The Manitoba government is continuing to make improvements to family law, with the goal of reducing conflict, cost and the effect of separation and divorce on children, Justice Minister Cliff Cullen announced today, noting changes to how child and spousal support are handled will save families an estimated $15 million annually.

“Modernizing and streamlining the family law system is a massive undertaking,” said Cullen.  “Together, we are working toward an improved system for all Manitoba families, while ensuring that the needs of children affected by divorce and separation remain our top priority.  We can do this by helping families access less adversarial and less costly supports sooner, and by giving them comprehensive resources to make informed decisions.”

Every year, an estimated 3,000 to 5,000 families in Manitoba are affected by separation or divorce.

Changes to the Maintenance Enforcement Program (MEP) came into effect in July 2019, allowing its staff to make more decisions and gather additional information related to child and spousal support without requiring a court order.  As a result, MEP will be able to review and adjust about 3,000 matters every year outside of the court system.  This is expected to save families an estimated $15 million annually in court and legal fees, the minister said.   

The Manitoba government has also made changes to allow decisions made by independent family arbitrators to be enforced in the same way as court orders, as of July 2019.  The arbitrator is chosen by family members involved to make decisions in a simpler, less formal process than if they were to go to court.  Arbitration decisions related to child support, spousal or common-law partner support can now be enforced by MEP and custody arrangements can be enforced under The Child Custody Enforcement Act.  Property-related decisions can also be enforced more quickly.

A new web site launched today at will connect Manitobans with all of the public, private and community services and organizations that are currently available, alongside clear and accurate information about family law issues.  This online hub will help families complete the prerequisites to apply to court including:

  • templates and guidelines to help parents develop their parenting arrangements including sharing parenting time and decision-making responsibilities;
  • appropriate resources like arbitration, mediation and dispute resolution services to assist when they cannot resolve their disputes; and
  • a tool to help families gather all of the financial disclosure information needed for child and spousal support as well as property division.

Manitobans who do not have internet access or require additional assistance can call 204-945-2313 or 1-844-808-2313 (toll-free) or for a personalized response.
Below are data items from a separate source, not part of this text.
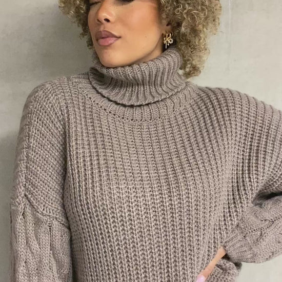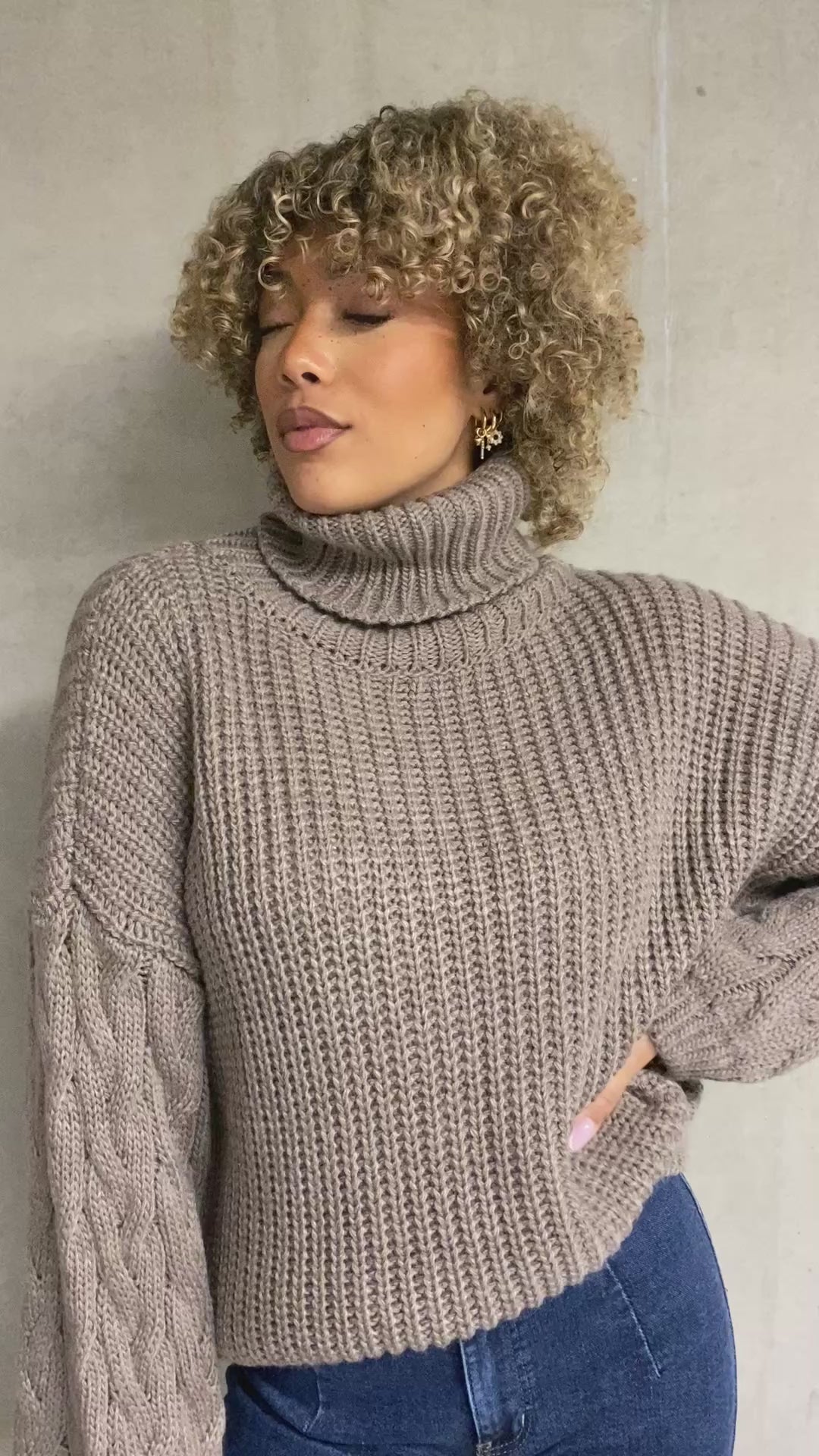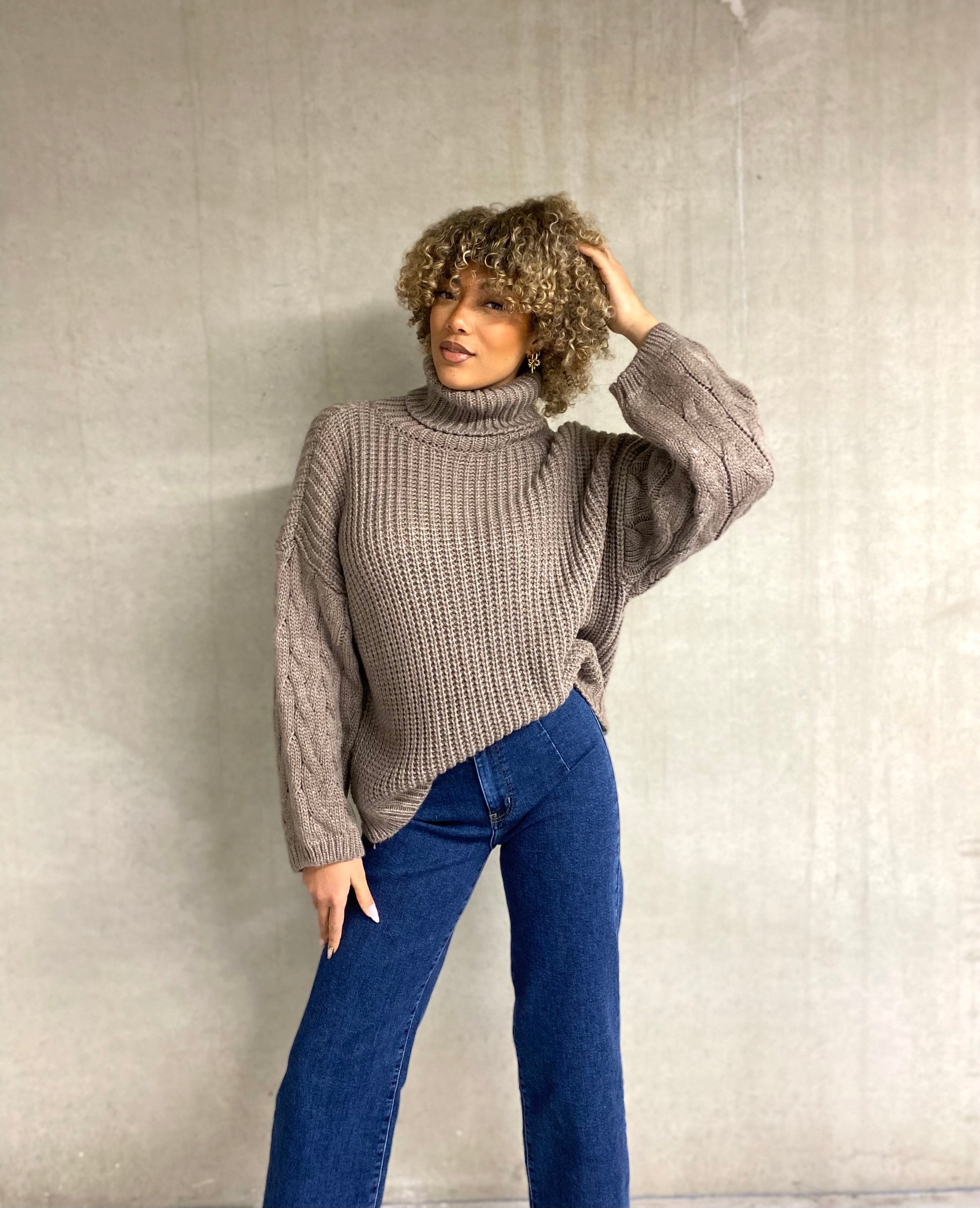 Son gros col roulé enveloppant apporte un confort irrésistible, tandis que ses manches torsadées offrent une touche d’originalité qui fait toute la différence.
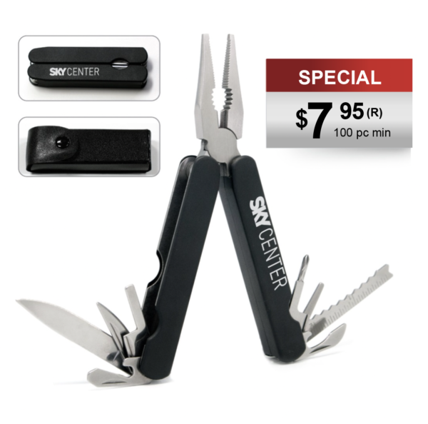 Handy tool features long nose plier, wire stripper, cutter, can opener, phillips/flathead screwdrivers, fish scaler, hook dislodger, ruler, file, knives & bottle opener. Carrying pouch with belt loop included.
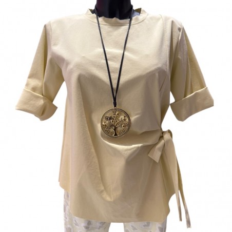 Acheter en ligne une tunique de couleur jaune tendre avec un nœud réglable sur le côté est une excellente manière d’apporter de la douceur et de la lumière à votre garde-robe. Le jaune tendre illumine le teint et évoque la fraîcheur des beaux jours, tout en restant subtil et élégant. Son look décalé ajoute une touche créative qui permet de se démarquer sans excentricité excessive, idéal pour celles qui souhaitent affirmer leur personnalité avec finesse.
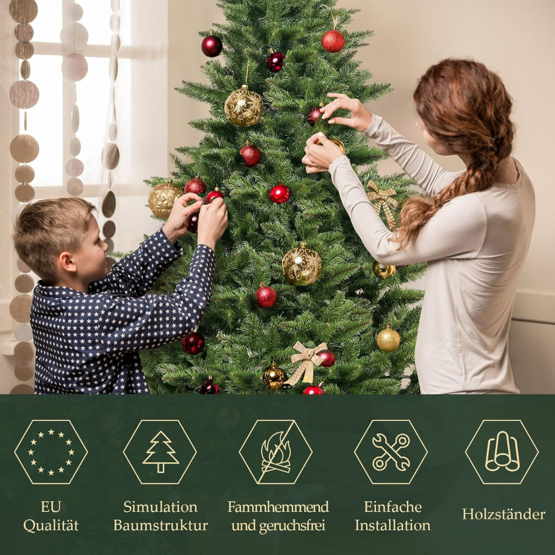 Flammenhemmend und Sicher: Künstlicher Weihnachtsbaum hergestellt aus schwer entflammbarem PVC mit Christbaumständer, zudem frei von Terpen, Sicher und geruchlos, Ideal für Senioren, Kinder und Haustiere unschädlich für alle.
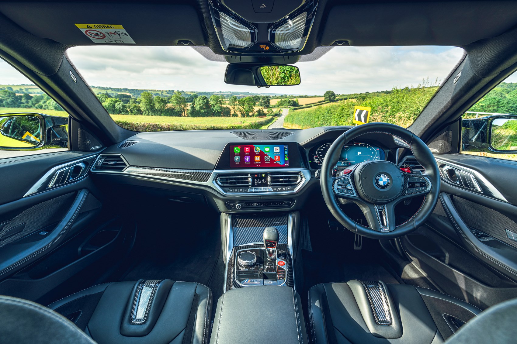 Today should be good: a run down to Bicester Heritage to shoot the February 2022 issue’s cover story (BMW i4 vs M4 vs Tesla Model 3), then drop the Tesla home and get back in time for tea. For all its outlandish performance and sky-high numbers £503bhp, £88k as tested) the M4 is no stripped-out racer. Heated seat and wheel on, set Waze (via CarPlay) as my co-pilot.
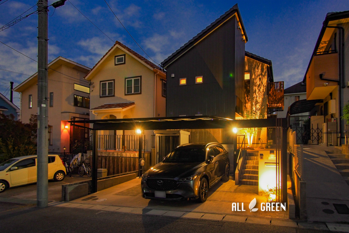 門塀前の植栽ライトがカーポートのデザイナーズパーツをさりげな~くアピールしているではありませんか!

The online hub also includes a public engagement report, which highlights how the province connected with service providers, stakeholders and Manitobans who have in the past, or are currently experiencing separation or divorce, gathering 250 ideas on how to improve the family law system.

The minister noted the online hub and other resources will continue to be implemented to better support Manitoba families and their children, beginning in early 2020.

Provincial officials will continue to speak with families who are sharing their experiences to help develop and improve family law services and supports.  This work will also continue to be guided by a collaboration table, a group created earlier this year to help guide the design and development of family law initiatives.  It includes family law service providers and experts from the legal, social service, financial, academic and non-governmental sectors.